Add in the chance to work with
the Fairmont brand and Accor, and Hehir said the deal “hit all the boxes” for
the company.
“We’ve wanted to work with
Fairmont and Accor for a long time,” he said. “We figured if we could bring our
expertise to bear to renovate, reposition and take this hotel to the next stage
in its life, it would open up a lot of opportunities within the Fairmont family
of hotels,” he said.
The Standard, London
For Trinity’s acquisition of the
266-key The Standard, London, in partnership with Oaktree Capital Management
and Partners Group, which also owns a minority stake in Trinity, Hehir said a
confluence of factors led to the deal. Those factors ranged from managing
partner Ryan Donn moving to London almost 18 months ago (at the behest of the
company’s joint venture partners) to working with a favored brand partner.
“What we loved about The
Standard was that it’s a very well-built hotel right at Kings Cross. So, it’s a
great location,” he said. “But it was interesting when we heard that Standard
was being bought by Hyatt. That was a game changer for us because we have a
very close relationship with Hyatt.”

The Diplomat Beach Resort in South Florida was Trinity's largest acquisition to date.
The Diplomat Beach
Resort
Trinity’s largest acquisition to
date was the reported $835 million purchase of the 1,000-key Diplomat Beach
Resort in South Florida. Hehir said the deal offered many different
possibilities, especially with the adjacent parcels that Trinity has also been
dealing with.
“It had been on the market for a while, and we kept
looking at it. We all know what’s happening in South Florida; it’s just
unstoppable right now,” he said. “When we looked at it, we thought this would
be an ideal asset to go into because Hilton had managed it
previously, but they didn’t have an asset of that size in South Florida.”

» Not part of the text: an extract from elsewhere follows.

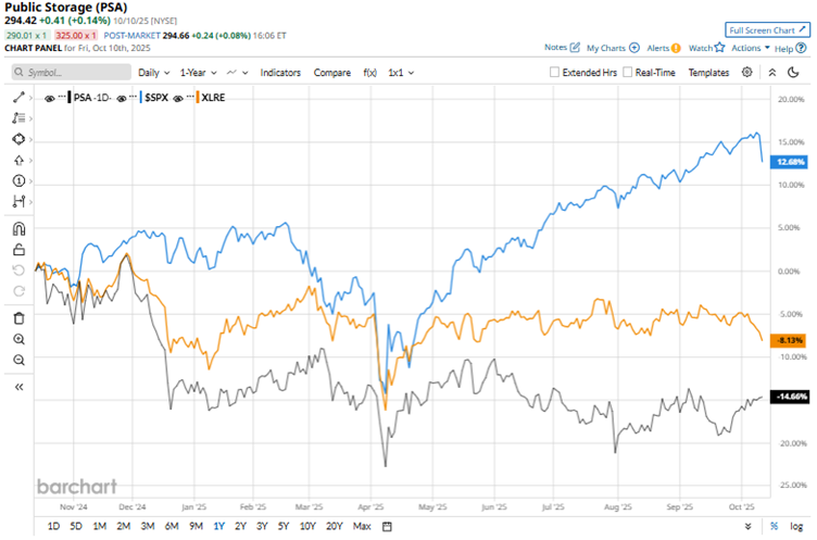 What to Expect From Public Storage’s Q3 2025 Earnings Report![]() Based in Glendale, California, Public Storage (PSA) is the leading self-storage real estate investment trust (REIT), running thousands of facilities across the U.S. and internationally. Its extensive real estate presence allows it to deliver secure storage to individuals, families, and businesses nationwide. Through strategic expansion, ongoing acquisitions, and cutting-edge customer service solutions, Public Storage maintains its industry dominance and continues to grow as an innovator in operational excellence. The company has a market capitalization of $51.66 billion. Public Storage is set to release its third-quarter results on Oct. 29, after the market closes. Ahead of the results, Wall Street analysts have a subdued view on the company’s bottom-line growth. For the third quarter, analysts expect Public Storage’s profit to grow marginally year-over-year (YOY) to $4.24 per diluted share. The company has a mixed record of surpassing Wall Street’s bottom-line estimates, topping them in two of the trailing four quarters and missing them on two other occasions. For the current fiscal year, profit is expected to grow marginally annually to $16.82 per diluted share. ![]() Public Storage’s stock has been underperforming the broader market over the past year. The stock has dropped by 13.9% over the past 52 weeks and 1.7% year-to-date (YTD). On the other hand, the broader S&P 500 Index ($SPX) has gained 13.4% and 11.4% over the same periods, respectively. Over the past 52 weeks, the real estate sector, as shown by the Real Estate Select Sector SPDR Fund (XLRE), has had a less pronounced decline of 5.4% compared to Public Storage’s stock, while the ETF has gained marginally YTD. ![]() On July 30, Public Storage reported second-quarter results for fiscal 2025. The company’s total revenues increased 2.4% YOY to $1.20 billion, exceeding the $1.19 billion that Wall Street analysts had expected. Its core FFO increased by 1.2% from the prior year’s period to $4.28 per share, which was higher than the $4.23 per share that was expected. However, rising costs have put some pressure on margins. Its net income per share dropped from $2.66 in Q2 2024 to $1.76 in Q2 2025. Public Storage also provided weak guidance. For the current year, its revenue is expected to grow in the range of -1.3% to 0.8%, while net operating income is projected to grow in the range of -2.6% to 0.3%. Based on this, Public Storage’s stock declined 5.8% intraday on July 31. Wall Street analysts have been soundly bullish about Public Storage’s prospects. Among the 22 analysts covering the stock, it has a consensus rating of “Moderate Buy” overall. The configuration of the ratings has remained stable, with 13 “Strong Buy” ratings and nine “Hold” ratings. The mean price target of $323.11 indicates 9.7% upside from current levels, while the Street-high price target of $350 implies an 18.9% upside. On the date of publication, Anushka Mukherjee did not have (either directly or indirectly) positions in any of the securities mentioned in this article. All information and data in this article is solely for informational purposes. For more information please view the Barchart Disclosure Policy here. |
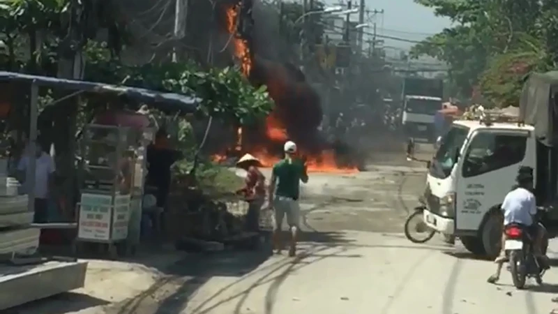Lửa bén vào bó cáp viễn thông bùng lên dữ dội và phát nổ khiến các phương tiện lưu thông trên đường phải dừng lại, đổi lộ trình. Thông tin được báo với lực lượng chức năng.

“We’d be able to target their
group engine and their business. We bought it in partnership with Credit
Suisse, which is now UBS. We assumed the existing CMBS loan when we
bought it because the debt markets were a little bit choppy (Trinity later refinanced
the property)… It just gives us so many levers to pull as we’re repositioning
these assets.”
Current financing
landscape
Despite a “choppy” credit
market, Hehir said Trinity hasn’t had a problem finding acquisition financing
or refinancing lenders. He credits the power of relationships.
“A lot of it comes down to relationship lenders who
lend to us on a repeated basis. Then there are times when the SASB or the CMBS
market works in the U.S. and we’ve been able to refinance some of the big
assets through that,” he said.
Regional banks have also played
a pivotal role for Trinity. Hehir uses the example of the company’s continued
relationship with the Bank of Hawaii on several deals (Hyatt Regency in
Greenwich, Connecticut and the Fairmont Olympic) as a positive.

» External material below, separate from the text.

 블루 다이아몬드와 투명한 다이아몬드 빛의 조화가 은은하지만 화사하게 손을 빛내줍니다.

I’m a huge believer in the need for regional banks. You need the regional banks who understand all of the players and the different industries.
Sean Hehir
“I’m a huge believer in the need
for regional banks,” he said. “You need the regional banks who understand all
of the players and the different industries.”

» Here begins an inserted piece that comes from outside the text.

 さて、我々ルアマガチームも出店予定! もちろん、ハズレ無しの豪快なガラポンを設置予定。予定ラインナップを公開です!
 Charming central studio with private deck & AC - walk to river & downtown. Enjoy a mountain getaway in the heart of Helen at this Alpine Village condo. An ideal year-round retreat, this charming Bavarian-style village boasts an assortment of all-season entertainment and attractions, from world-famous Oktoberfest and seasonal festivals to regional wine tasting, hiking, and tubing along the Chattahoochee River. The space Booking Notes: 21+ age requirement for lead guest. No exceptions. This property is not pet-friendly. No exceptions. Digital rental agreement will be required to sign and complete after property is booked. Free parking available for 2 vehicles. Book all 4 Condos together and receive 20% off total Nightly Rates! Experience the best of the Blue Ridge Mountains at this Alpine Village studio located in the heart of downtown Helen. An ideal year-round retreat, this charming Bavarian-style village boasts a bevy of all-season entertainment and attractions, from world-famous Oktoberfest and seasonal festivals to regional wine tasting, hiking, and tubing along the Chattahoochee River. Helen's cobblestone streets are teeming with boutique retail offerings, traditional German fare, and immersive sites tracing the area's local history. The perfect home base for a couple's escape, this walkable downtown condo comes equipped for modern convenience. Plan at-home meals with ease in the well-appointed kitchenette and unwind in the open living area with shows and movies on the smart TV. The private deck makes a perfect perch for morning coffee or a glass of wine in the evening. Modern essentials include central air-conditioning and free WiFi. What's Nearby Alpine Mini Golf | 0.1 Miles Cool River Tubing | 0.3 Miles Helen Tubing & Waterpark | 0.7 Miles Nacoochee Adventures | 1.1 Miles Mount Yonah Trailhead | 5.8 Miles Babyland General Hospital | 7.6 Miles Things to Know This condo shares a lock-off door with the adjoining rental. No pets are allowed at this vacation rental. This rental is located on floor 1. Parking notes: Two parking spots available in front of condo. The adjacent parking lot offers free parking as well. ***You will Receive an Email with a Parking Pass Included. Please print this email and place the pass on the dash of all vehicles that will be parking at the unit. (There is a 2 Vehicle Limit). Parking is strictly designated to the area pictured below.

Hehir said Trinity also relishes
its ability to provide rescue capital for assets with broken capital stacks.
“A big part of our focus is
going to be continuing to do what we do, which is buy, fix, reposition, sell,”
he said. “The other side of it is being a friendly transitional capital
provider to help these sponsors get from point A to point B because these are
good sponsors, and this is great real estate. It’s just broken capital stacks
and that’s nobody’s fault. That’s a function of what happened over the last few
years with COVID.”
While providing capital could
also create opportunistic acquisition situations for the company, Hehir said he
doesn’t think that is Trinity’s role. He sees the rescue capital side of the
business increasing for Trinity, maybe even to 40% of its total.
“We’re
not here to take your asset if it doesn’t go according to plan,” he said. “We
have the expertise to step right in and take over, but that wouldn’t be the
primary goal. We would earn the requisite returns for the rescue capital.”